We'll cover the following...
In 1988, Radoje Drmanac, Andrey Mirzabekov, and Edwin Southern simultaneously and independently proposed the futuristic and at the time completely implausible method of DNA arrays for DNA sequencing. None of these three biologists knew of the work of Euler, Hamilton, and de Bruijn; none could have possibly imagined that the implications of his own experimental research would eventually bring him face-to-face with these mathematical giants.
Sequencing bacterial genomes
A decade earlier, Frederick Sanger had sequenced the tiny 5,386 nucleotide-long genome of the φX174 virus.

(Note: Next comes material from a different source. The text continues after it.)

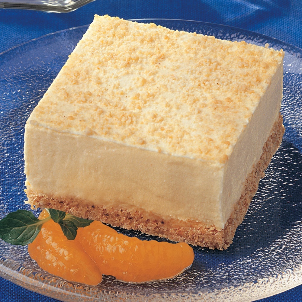These cheesecakes have a lighter, less dense texture than traditional New York-style cheesecakes. Cold-set cheesecakes have a hint of lemon and top an oatmeal crumb crust.
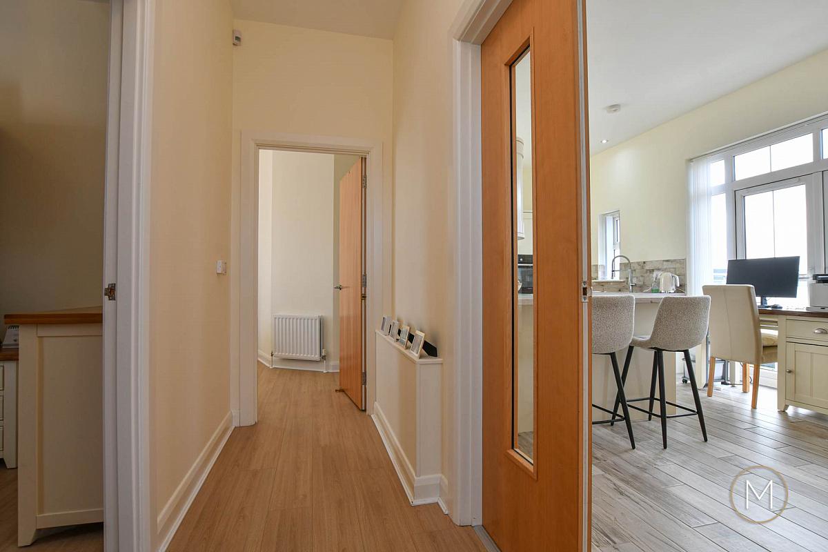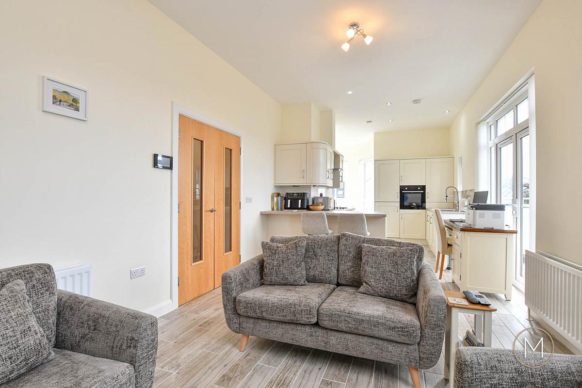 Accessed via a tiled entrance, a private staircase enhanced with recently fitted carpet leads to the main hallway, where a stunning wood laminate floor creates an immediate sense of warmth and style. From here, glazed double doors open into a bright and spacious open plan living area, thoughtfully designed to combine relaxation, dining, and cooking in one impressive space.

By the late 1980s, biologists were routinely sequencing viruses containing hundreds of thousands of nucleotides, but the idea of sequencing bacterial (let alone human) genomes remained preposterous, both experimentally and computationally.
Indeed, generating a single read in the late 1980s cost more than a dollar, pricing mammalian genome sequences in the billions. DNA arrays were therefore invented with the goal of cheaply generating a genome’s k-mer composition, albeit with a smaller read length k than the original DNA sequencing ...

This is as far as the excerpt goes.